[Extracted data entries]
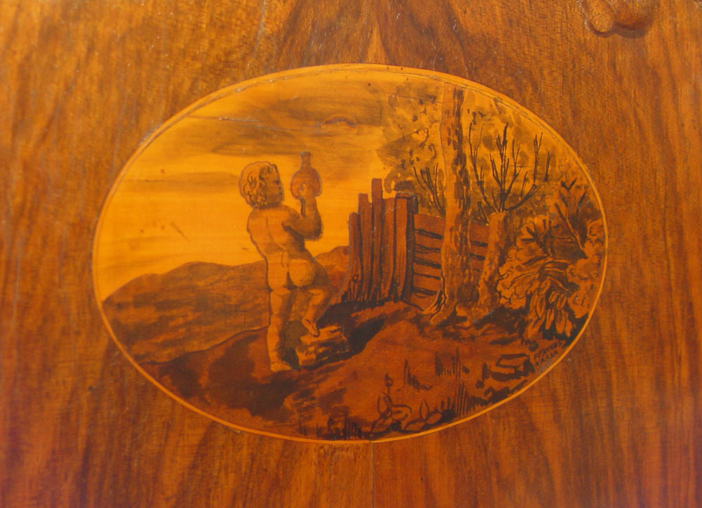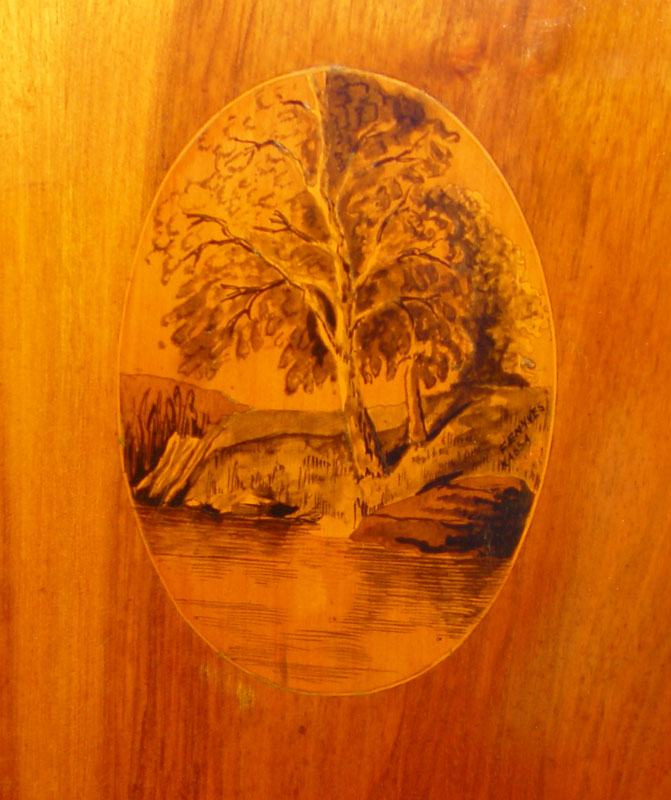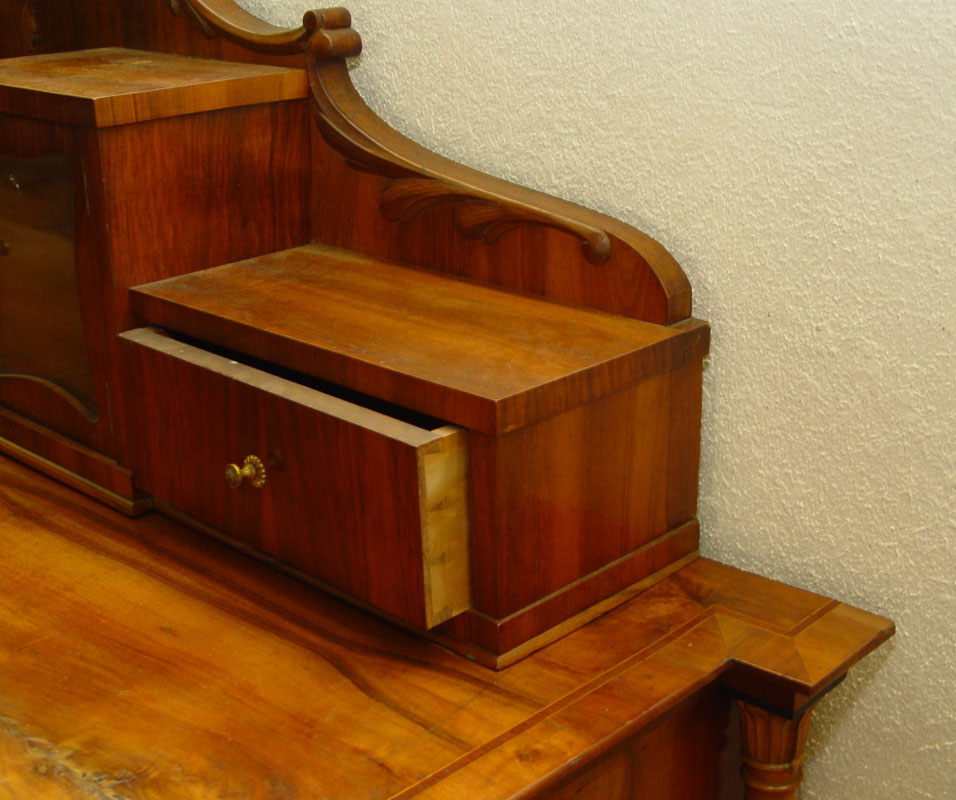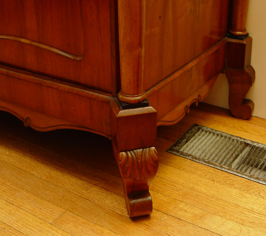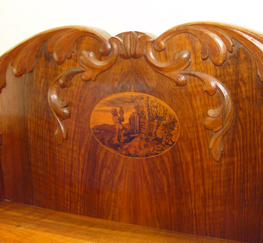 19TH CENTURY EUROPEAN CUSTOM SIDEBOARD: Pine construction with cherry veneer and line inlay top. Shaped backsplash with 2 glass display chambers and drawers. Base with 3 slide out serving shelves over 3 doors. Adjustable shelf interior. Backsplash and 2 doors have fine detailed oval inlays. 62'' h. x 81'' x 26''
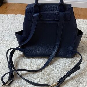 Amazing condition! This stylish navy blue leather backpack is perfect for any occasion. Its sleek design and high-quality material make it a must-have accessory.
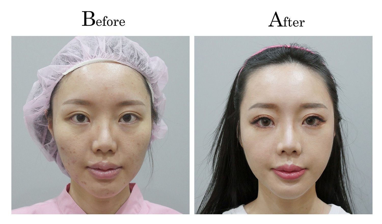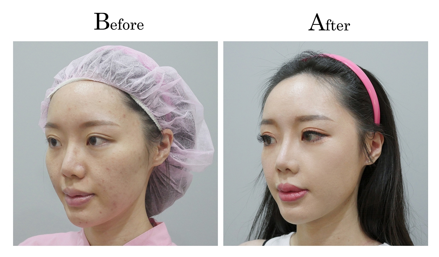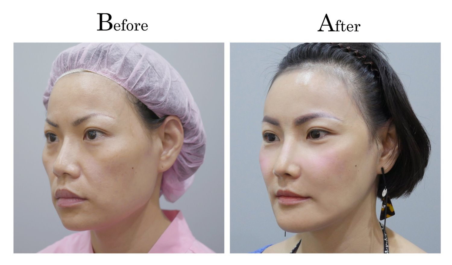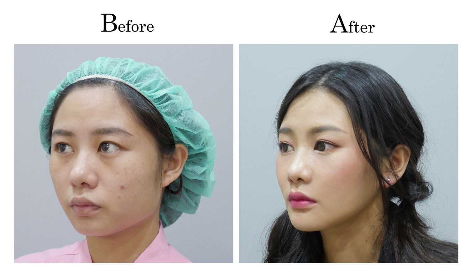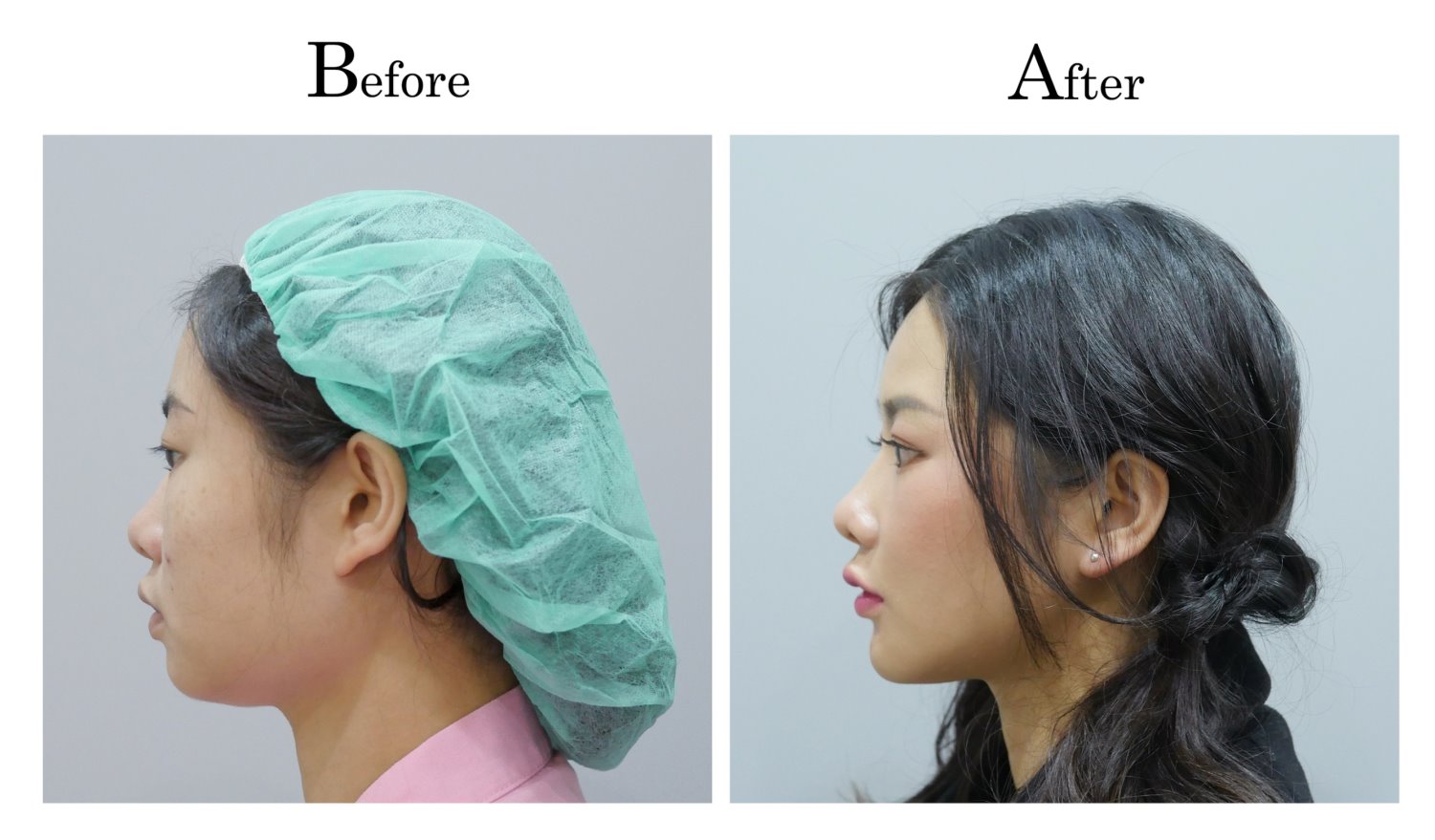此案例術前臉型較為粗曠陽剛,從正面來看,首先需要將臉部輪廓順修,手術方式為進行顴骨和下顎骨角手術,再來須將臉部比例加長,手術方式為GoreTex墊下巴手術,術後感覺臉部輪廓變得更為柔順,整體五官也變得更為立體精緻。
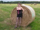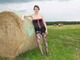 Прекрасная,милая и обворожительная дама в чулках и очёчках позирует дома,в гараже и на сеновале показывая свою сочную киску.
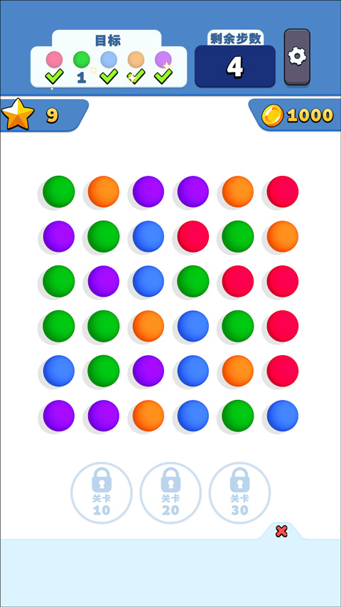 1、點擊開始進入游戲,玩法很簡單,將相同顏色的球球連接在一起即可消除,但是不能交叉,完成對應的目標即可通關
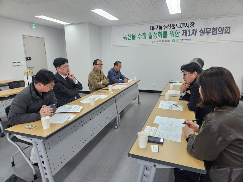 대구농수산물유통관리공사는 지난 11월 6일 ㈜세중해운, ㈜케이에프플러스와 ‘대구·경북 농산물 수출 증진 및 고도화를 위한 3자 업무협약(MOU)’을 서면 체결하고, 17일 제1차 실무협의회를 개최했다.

EXERCISE DETAILS:
Each line from the beginning of the entries up to and including the one containing "1、點擊開始進入游戲,玩法很" must be restated exactly. Pictures are to be left out.

EXERCISE OUTPUT:
 19TH CENTURY EUROPEAN CUSTOM SIDEBOARD: Pine construction with cherry veneer and line inlay top. Shaped backsplash with 2 glass display chambers and drawers. Base with 3 slide out serving shelves over 3 doors. Adjustable shelf interior. Backsplash and 2 doors have fine detailed oval inlays. 62'' h. x 81'' x 26''
 Amazing condition! This stylish navy blue leather backpack is perfect for any occasion. Its sleek design and high-quality material make it a must-have accessory.
此案例術前臉型較為粗曠陽剛,從正面來看,首先需要將臉部輪廓順修,手術方式為進行顴骨和下顎骨角手術,再來須將臉部比例加長,手術方式為GoreTex墊下巴手術,術後感覺臉部輪廓變得更為柔順,整體五官也變得更為立體精緻。
 Прекрасная,милая и обворожительная дама в чулках и очёчках позирует дома,в гараже и на сеновале показывая свою сочную киску.
 1、點擊開始進入游戲,玩法很簡單,將相同顏色的球球連接在一起即可消除,但是不能交叉,完成對應的目標即可通關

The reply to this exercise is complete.